Irish filmmaker Jim Sheridan was among its fans. “I’m not sure that Achtung Baby is my favourite U2 album, I think I prefer The Joshua Tree, but ‘One’ would be one of my favourite songs of theirs. It’s a complex father/son story disguised as a love song. It’s got a kind of a moving narrative to it with characters that are very real. It’s amazing that Bono can re-invent himself so many times. It’s unique that a 25-year-old band are still top of the world. There’s an elevator coming down with all the other bands and they’re the only ones going up. Remarkable!”
Backtrack to 1991. U2 have just released their seventh studio album and Hot Press editor Niall Stokes has delivered his November verdict.
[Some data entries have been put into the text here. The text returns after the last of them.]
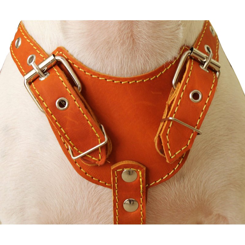 Made of 1" wide genuine leather. Strong and comfortable, wide chest piece designed to equally distribute tension. Trimmed with thick contrast color waxed thread. Best choice for daily walks and training. This size is recommended for Medium breeds, sized to fit 25.5-29 inches chest circumference.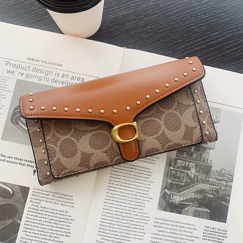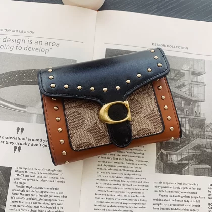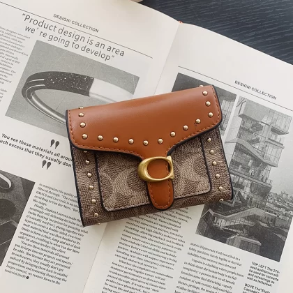 Short Wallet Women's 2023 New European and American Contrast Print Folding Multi-Card Wallet Retro Rivet Long Child-Mother Bag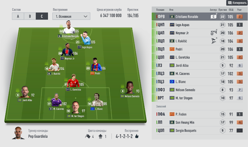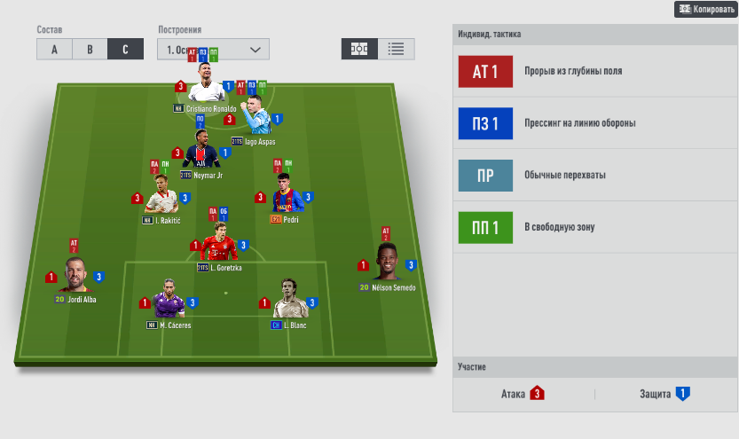 Về cơ bản vẫn là những thiết lập với 3 cái tên tiền đạo chơi cao nhất và luôn túc trực bên phần sân đối phương. Neymar sẽ đóng vai trò như một hộ công cho hai tiền đạo là Ronaldo và Aspas. Điểm yếu của đội hình chính là không có hai cánh, và hai hậu vệ được giữ luôn ở phần sân nhà.

“In many ways it is the bleakest U2 album, but it also contains some of their most obvious singles – pop songs which are deceptively accessible while dealing in harrowing emotions, the illusion of something throwaway masking the search for a deeper truth. Achtung Baby at once evokes the spirit of T. Rex and Scott Walker, The Beatles and the Stones, Bob Marley, Al Green and Leonard Cohen. It is trashy, ambitious, subversive and profound. It sounds less like the U2 that we know than anything they have done before and yet it is unmistakably them, their signature indelibly inscribed into the grooves, from the Edge’s first guitar colourings on the opening track onwards.
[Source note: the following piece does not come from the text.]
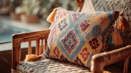 Decorative woven pillow rests on a rustic chair in a warm, sunlit indoor space with plants in the background

“’One’ seems transcendent, a magnificent synthesis of elements: words and music, rhythm, instrumentation, arrangement and intonation combine to create something that speaks a language beyond logic, the definitive language of emotional truth. ‘Well it’s too late tonight’, Bono sings, ‘to drag the past out into the light…’ and anyone who doesn’t understand, well, they haven’t been there.
The late Bill Graham flew to Zurich the following May to catch up with the band as they prepared to transmit the greatest show on Earth – Zoo TV. Graham confessed that he journeyed to Switzerland with some trepidation.
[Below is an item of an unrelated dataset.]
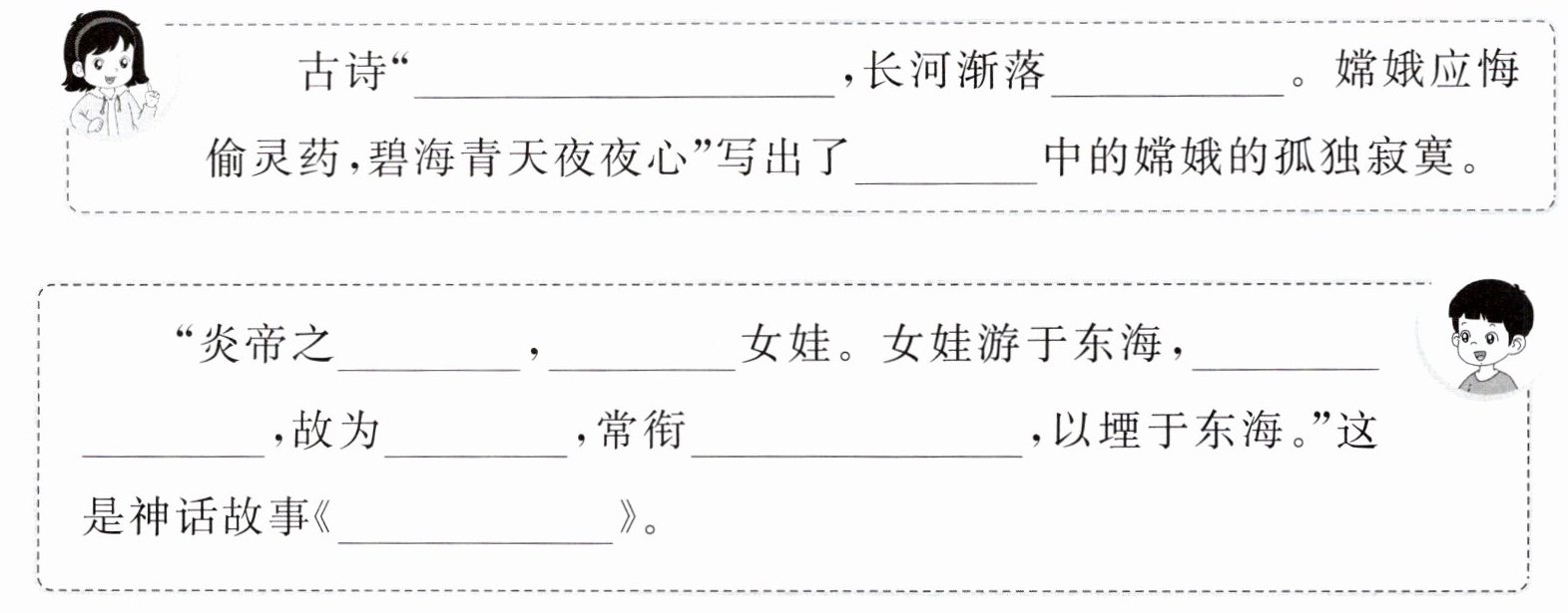 3. 讲神话传说古诗文中也有动人的神话传说,请根据积累补全对话。

“I’m wary of some of the easy recent praise given U2 since it involves a dualism; an amputation of their past that separates them from the Good U2 of Achtung Baby and the Bad U2 of Rattle & Hum. Whereas I see continuities, this latest conventional line on the band seems to me to create gaping and false discontinuities.
“Moreover, I wasn’t completely convinced by Achtung Baby – of course it was inevitable this restless band would change. Just as The Unforgettable Fire marked a necessary new departure after War, any follow-up to Rattle & Hum was destined to scuttle off elsewhere.”
Still clearly getting his head around the release, Graham did shrewdly note how it had ushered in another phase in the Dublin four piece’s career.
“Crucially, Achtung Baby stands in the same relationship to Rattle & Hum as The Unforgettable Fire to War, an earlier shift which was also hailed as a return to European form. It looks like they’ve been cast in a Jekyll and Hyde role, the Good U2 and the
Bad U2.”
He turned, at that point, to The Edge, and asked when we could expect the return of the Bad U2. The guitarist, exhausted in a Zurich hotel, paused for thought.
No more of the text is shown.